Ben, can you attach your proposed fix for this for people to test?
Note that my fix might be breaking surface management under some circumstances,
I have to rework that part (which is why I didn't commit it yet). I'll come up
with a new patch this week-end hopefully
Ben committed his patch to xf86-video-ati CVS, so this might be fixed. Please
Thanks a lot. I applied you modifications to "xorg-x11-6.8.2-37.FC4.49.2"
on my FC4 box. Before, I could not boot into graphical mode unless I
disabled "DRI" for this R100 QD based Radeon 7200 PCI card. The "X" server
would hang and not even respond to the keyboard anymore. Now, everything
works as expected. This is great news.
I had posted the bug report for modular "Xorg" 7.0.0 where the issue is
also present, but reverted my system later to FC4 and discovered that the
RV100 bus master fix patch of the above FC4 update broke "DRI". For details,
Apologies for the delay; I had to deal with the new modular build system for
the first time. (Thank goodness for build.sh!)

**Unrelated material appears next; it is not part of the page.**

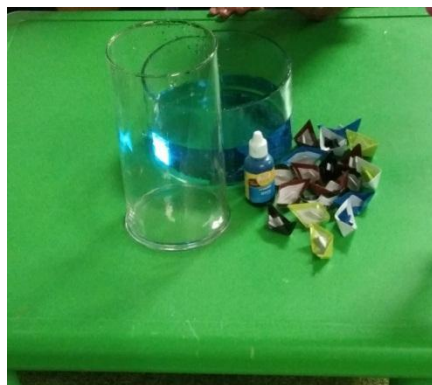
Gambar 4.6 Alat dan bahan eksperimen kapal tenggelam (cdf9) 85

Anak-anak duduk melingkar memperhatikan pendidik untuk terlebih dahulu mencontohkan bagaimana cara bermain. Anak bergantian maju ke depan, pertama anak memilih kapal yang anak suka untuk dimainkan, kemudian kapal tersebut diletakkan di atas air dan ditutup dengan gelas kaca panjang menggunakan dua tangan agar gelas tersebut bisa tenggelam sampai menyentuh dasar gelas seperti gambar 4.7. Pendidik meminta anak untuk mengamati kapal yang tenggelam di dalam gelas berisi air tersebut apakah basah atau tidak, anak menjawab kapal yang ada di dalam air tidak basah, gelas diangkat perlahan ke atas agar kapal tidak terbalik dan basah, kapal yang sudah selesai dimainkan dikasih pada anak (c13.p2). 86

With a current CVS build of Xorg, I am no longer able to reproduce the original
bug. The X server is starting up without a hitch through multiple reboots.
Either the problem is fixed, or it's a lot scarcer than it used to be :-)
(Resolving to FIXED; I trust everything is in order?)
Monolithic X still has the bug.
But after battling with modular X (there is now a considerable chunk missing in
my desk) I am now running 7 xine instances at once (which brought down X in
about 5 seconds) for aprox. 30 Minutes.
BTW this is Debian Sid with modular CVS HEAD as of today.